Toujours aucune solution en vue. Le ministre de l’Intérieur, Bernard Cazeneuve, a déclaré jeudi à l’AFP ne pas être favorable à l’ouverture d’un centre pour migrants à Calais, comme le demande la maire (UMP) de la ville. «Je ne veux pas créer un centre d’accueil qui soit un nouveau point de convergence des migrants», a-t-il dit en marge d’un déplacement à Rome, première étape d’une tournée européenne sur le thème de l’immigration illégale, qui doit le mener vendredi à Londres. Sa déclaration a visiblement fait bondir Natacha Bouchart, qui tient ce jeudi après-midi une conférence de presse à Calais.

Rencontre reportée au 15 septembre

La maire de Calais, Natacha Bouchart, avait proposé la semaine dernière, de créer un réseau européen de centres d’accueil le long du parcours connu des candidats à l’émigration.
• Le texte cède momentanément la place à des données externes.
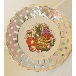 Antique Ucagco Pedestal Footed Pierced Fruit Hand Painted Ceramic Plate Luster

Elle s’engageait à ouvrir le premier centre dans sa ville, avec l’aide de l’Etat, si ce projet était retenu. Une rencontre sur le sujet était prévue avec le ministre, la semaine prochaine, le 2 septembre. Elle a été reportée au lundi 15 septembre.

De son côté, le ministre demandera, vendredi à Londres, aux autorités britanniques de «prendre leurs responsabilités» et de venir sur place pour dire aux migrants qu’ils n’arriveront pas à entrer dans leur pays. Dans un entretien accordé à 20 Minutes, l’adjoint à la maire de Calais, Emmanuel Agius, exprimait en début de semaine une demande encore plus ferme. «On souhaite revoir le traité du Touquet, signé en 2003, qui permet la mise en place de structures communes entre la France et le Royaume-Uni de contrôles frontaliers pour faire face à l’afflux massif d’immigrés. Le Royaume-Uni ne peut pas être, à la fois, dans et en dehors de l’espace européen». En clair, la mairie ne verrait pas d’un mauvais œil le fait de bouter les douaniers anglais hors du port de Calais.